(SOURCE MATERIAL begins)
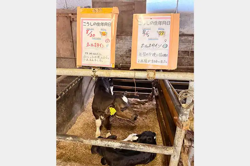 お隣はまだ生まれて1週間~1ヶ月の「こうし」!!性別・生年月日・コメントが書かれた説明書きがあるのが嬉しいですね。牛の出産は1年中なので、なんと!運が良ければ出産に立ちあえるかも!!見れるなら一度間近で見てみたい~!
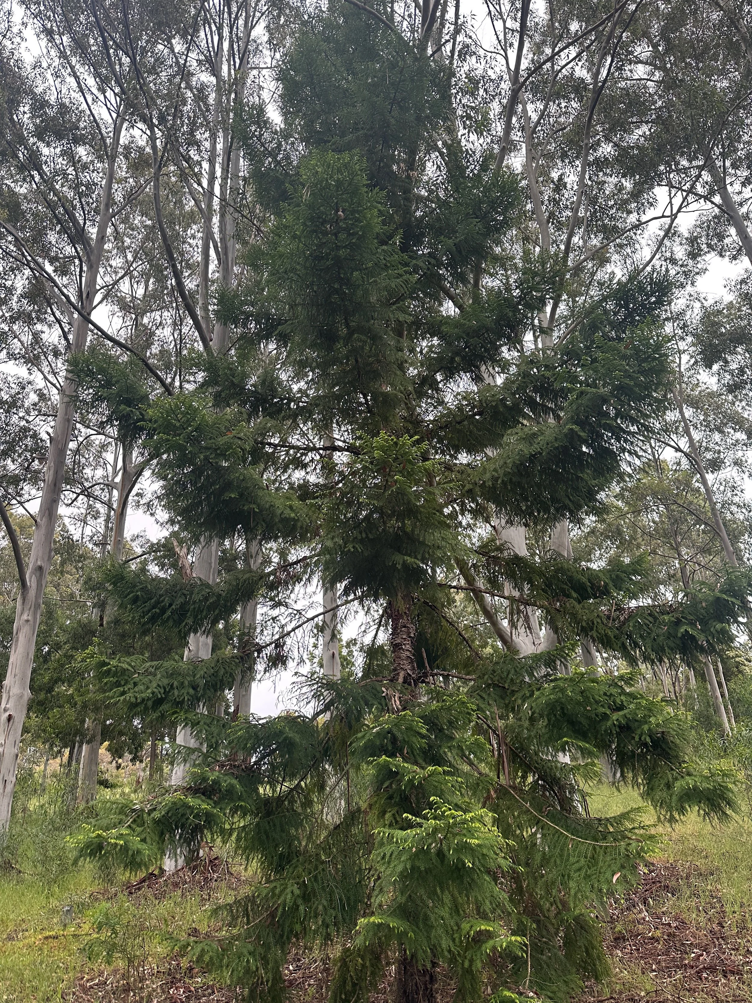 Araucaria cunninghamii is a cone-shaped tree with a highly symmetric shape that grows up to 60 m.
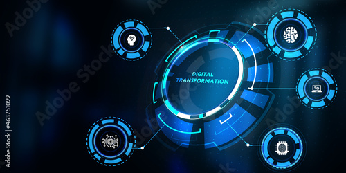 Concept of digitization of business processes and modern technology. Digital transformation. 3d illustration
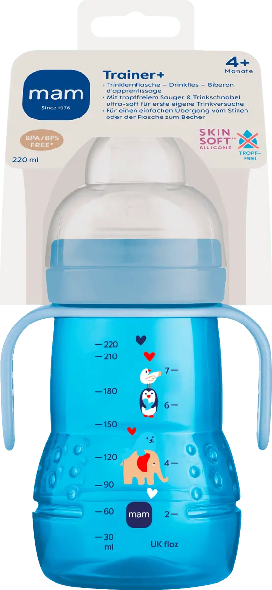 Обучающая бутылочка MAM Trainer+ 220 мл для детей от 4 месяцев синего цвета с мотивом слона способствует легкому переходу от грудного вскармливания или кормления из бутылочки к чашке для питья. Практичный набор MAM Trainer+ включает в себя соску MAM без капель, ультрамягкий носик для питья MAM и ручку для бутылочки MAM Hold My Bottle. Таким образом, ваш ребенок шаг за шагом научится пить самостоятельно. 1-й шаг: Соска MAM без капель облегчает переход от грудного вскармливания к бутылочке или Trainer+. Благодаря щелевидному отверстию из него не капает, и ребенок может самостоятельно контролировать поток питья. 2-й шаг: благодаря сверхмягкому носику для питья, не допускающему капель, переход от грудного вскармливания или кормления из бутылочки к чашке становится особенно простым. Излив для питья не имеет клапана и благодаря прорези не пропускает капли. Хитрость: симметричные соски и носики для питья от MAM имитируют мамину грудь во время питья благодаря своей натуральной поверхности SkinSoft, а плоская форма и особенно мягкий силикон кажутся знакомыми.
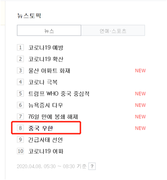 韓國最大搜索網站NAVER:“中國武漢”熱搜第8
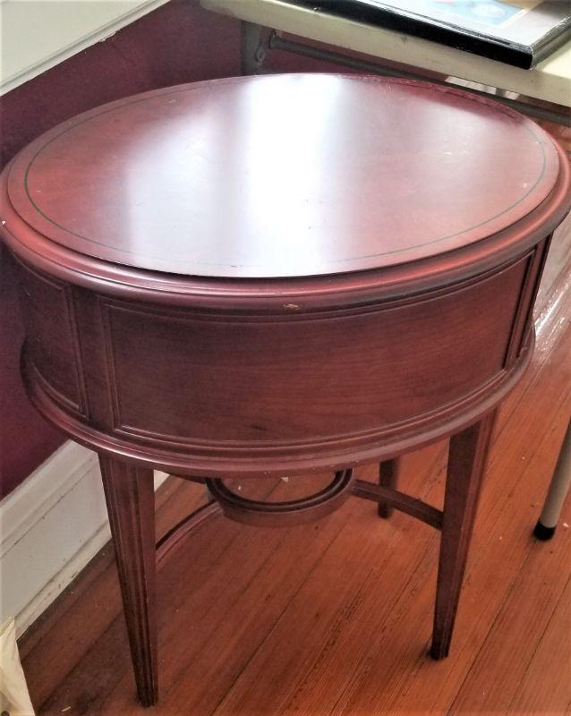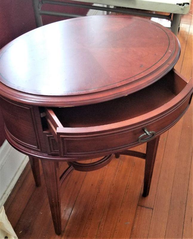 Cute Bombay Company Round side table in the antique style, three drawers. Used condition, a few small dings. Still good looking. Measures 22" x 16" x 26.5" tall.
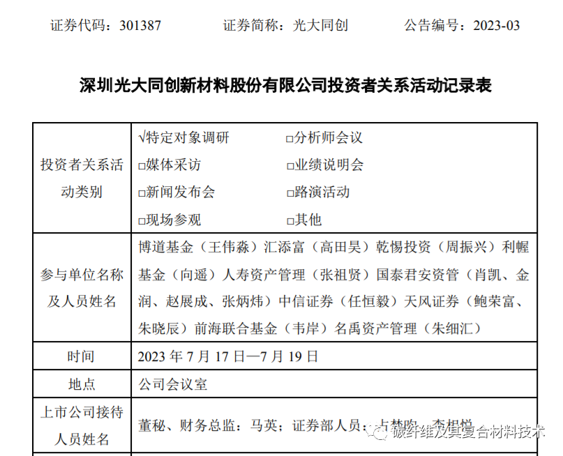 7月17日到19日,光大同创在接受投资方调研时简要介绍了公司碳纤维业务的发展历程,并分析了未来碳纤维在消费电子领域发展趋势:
(SOURCE MATERIAL ends)
(SOURCE MATERIAL begins)
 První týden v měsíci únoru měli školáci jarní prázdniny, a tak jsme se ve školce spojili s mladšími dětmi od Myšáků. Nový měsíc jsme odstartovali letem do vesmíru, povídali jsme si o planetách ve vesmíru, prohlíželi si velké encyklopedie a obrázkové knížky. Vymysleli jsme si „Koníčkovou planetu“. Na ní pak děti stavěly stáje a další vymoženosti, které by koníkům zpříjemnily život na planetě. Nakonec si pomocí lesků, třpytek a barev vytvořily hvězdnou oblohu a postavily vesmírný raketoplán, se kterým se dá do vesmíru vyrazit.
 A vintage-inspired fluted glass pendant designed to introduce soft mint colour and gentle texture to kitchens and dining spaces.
(SOURCE MATERIAL ends)
§ **YOUR INSTRUCTIONS**
Starting at the line with "お隣はまだ生まれて1週間~1" in the entries above, write out every line exactly until the line with "Concept of digitization" has been written. Include no pictures and nothing more.

§ **TASK ANSWER**
 お隣はまだ生まれて1週間~1ヶ月の「こうし」!!性別・生年月日・コメントが書かれた説明書きがあるのが嬉しいですね。牛の出産は1年中なので、なんと!運が良ければ出産に立ちあえるかも!!見れるなら一度間近で見てみたい~!
 Araucaria cunninghamii is a cone-shaped tree with a highly symmetric shape that grows up to 60 m.
 Concept of digitization of business processes and modern technology. Digital transformation. 3d illustration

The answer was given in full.